Design and development of an in situ synthesized layered double hydroxide structure of Fe-induced hydroxyapatite for drug carriers
Abstract
Iron (Fe)-induced hydroxyapatite (HA) layered double hydroxides (LDH) with different concentrations of Fe (FH95 and FH85) were prepared by a novel in situ coprecipitation method. For the first time, LDH is intercalated with calcium cations (CaI2+) by producing Frenkel defects. The LDH structure was precisely characterized by thermogravimetric analysis and X-ray diffraction study. The exfoliation in the basal planes was also confirmed by high resolution transmission electron microscopy.
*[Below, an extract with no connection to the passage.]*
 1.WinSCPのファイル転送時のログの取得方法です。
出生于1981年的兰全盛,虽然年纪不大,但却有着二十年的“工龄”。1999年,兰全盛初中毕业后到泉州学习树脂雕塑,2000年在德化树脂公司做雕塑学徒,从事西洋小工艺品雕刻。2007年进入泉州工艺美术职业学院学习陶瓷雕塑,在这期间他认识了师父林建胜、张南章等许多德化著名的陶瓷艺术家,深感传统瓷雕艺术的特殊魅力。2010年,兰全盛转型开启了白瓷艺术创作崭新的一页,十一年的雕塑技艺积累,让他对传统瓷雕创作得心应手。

Hydrophilicity and change in mass in vitro swelling in phosphate buffered saline (PBS) medium were characterized to check the wettability of the pellet samples in aqueous media. The morphological and elemental study of the carriers was done before and after aceclofenac (AF) drug loading by a field emission electron microscope. Interactions of AF with LDH drug carriers (FH85 and FH95) were studied by Fourier transforms infrared spectroscopy. The AF drug-release mechanism of these novel LDH carriers was diffusion. The AF drug loading efficiency and releasing criteria were found to be better in FH95 than the carrier FH85. The FH95 LDH carrier can store the AF drug and can release the drug in a controlled manner in aqueous medium of PBS under simulated body conditions. Furthermore, the newly developed LDH material is highly biocompatible as well as a potential drug carrier. Therefore, the developed LDH drug carrier could be a potential drug scavenger for non-steroidal anti-inflammatory drugs such as AF.